Masturbation also lowers cortisol in the body, which reduces stress and tension while giving you a sense of bodily integrity. This can improve your self-esteem and develop your self-identity. Now, who doesn’t want that?
Women in perimenopause or menopause benefit from masturbation too, as they tend to experience less pelvic floor tightness with increased blood flow to the vagina after orgasm. That can reduce pain and vaginal dryness during intercourse.
2. Do women masturbate?
The short answer? Yes! According to a survey done by Tenga in 2016, 81% of women surveyed have masturbated in their lifetime, with an average frequency of eight times per month as compared to 15 times for men. With age, some women also grow more comfortable with their bodies. Self-pleasure and exploring their sexuality become less taboo.
That said, everyone’s sex drive is different. Experiencing pleasure isn’t one-dimensional. Exploring female sexuality can be a confusing topic to navigate, but it doesn’t have to be, especially with pleasure empowerment workshops that provide a safe space and community for like-minded individuals to learn about sex positivity.
Ultimately, masturbation is an individual lifestyle choice and sexual expression. Do what you feel is best for you, because you know your own body and desires most intimately.
3. Is masturbation okay if you’re in a committed relationship?

Definitely! It doesn’t have to be mutually exclusive, whether it’s solo or partnered sex. Mutual masturbation among couples is great foreplay; you can learn more about each other’s sexual preferences too. It’s sexy to watch your partner climax as you both reach a crescendo together. This shared experience can build intimacy and strengthen the connection in a way that’s different from “regular” sex.
And who’s to say you can’t be in a loving committed relationship with yourself? Don’t be afraid to discover what makes you feel good. Acknowledging your sexual needs isn’t selfish. It’s self-love at its prime. The best way to find out what turns you on is by acquainting yourself with your bodily parts down south!
4. So, will you lose your virginity if you do it?
No. The value in which we place the ideals of “virginity” is a social construct. How you feel about your first sexual experience matters. It’s way less important to worry about whether you’re “losing” it for the first time to a partner or a sex toy.
There’s a lot of confusion about the hymen; the myth that every woman who engages in their first vaginal sex will bleed isn’t always the case, nor is it an indicator of a “freshness seal”. As long as you’re aware of your pleasure choices and you aren’t coerced into something you don’t consent to, it’s your decision to make.

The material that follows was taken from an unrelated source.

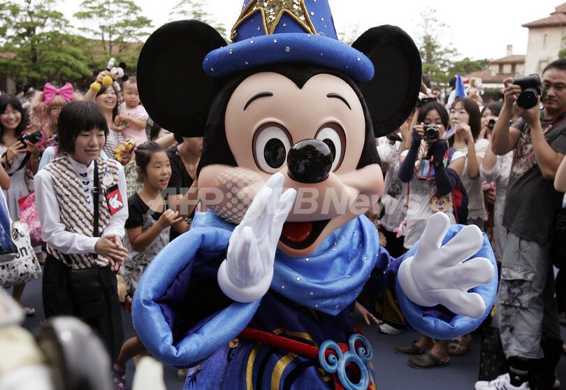 写真は来園者を歓迎するミッキーマウス(2011年9月4日撮影)。(c)AFP/Yoshikazu TSUNO
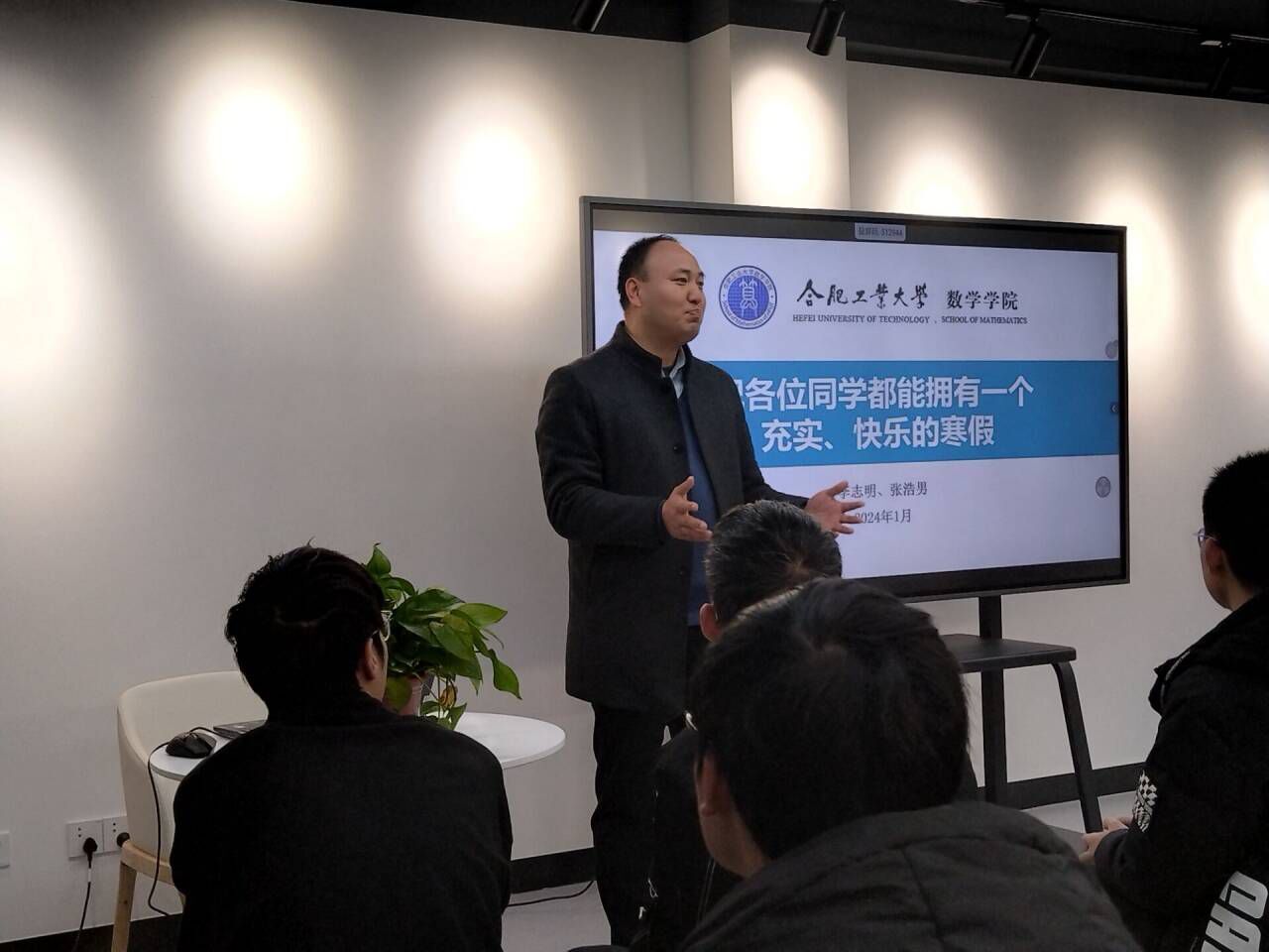 1月17日下午,英国上市公司3652023级本科生在翡翠湖校区十一号楼员工社区召开了2023-2024学年寒假前主题班会。党委员工工作部(处)副部(处)长李志明出席会议并做总结讲话,英国上市公司3652023级本科生辅导员张浩男主持会议。

5. Can a sex toy desensitise you and make it harder for you to achieve orgasm?

As powerful as your vibrators may be, this is a myth. But your body can get used to a particular sensation if you tend to masturbate in the same habitual way, possibly making orgasms a challenge. Still, don’t be alarmed. If you’re stuck in a routine, switch things up. Find a new toy, play around with different vibrating patterns and pressures, or go back to basics and use your hands or fingers to explore other erogenous zones.
Need simple tricks to spice up a self-care routine? Try changing your dominant hand for the other, or switching up your position from lying down to sitting upright, putting one leg up, both legs up or even going on all fours. By creating new habits with positive intentions and keeping yourself present, you’re strengthening the neural pathways in your brain to feel “happy”. This gives you a better experience in how you receive pleasure.
Now that you’ve uncovered the facts about masturbation, be kind to yourself and get creative by luxuriating in the process of natural self-care! Your mind and body will thank you for that.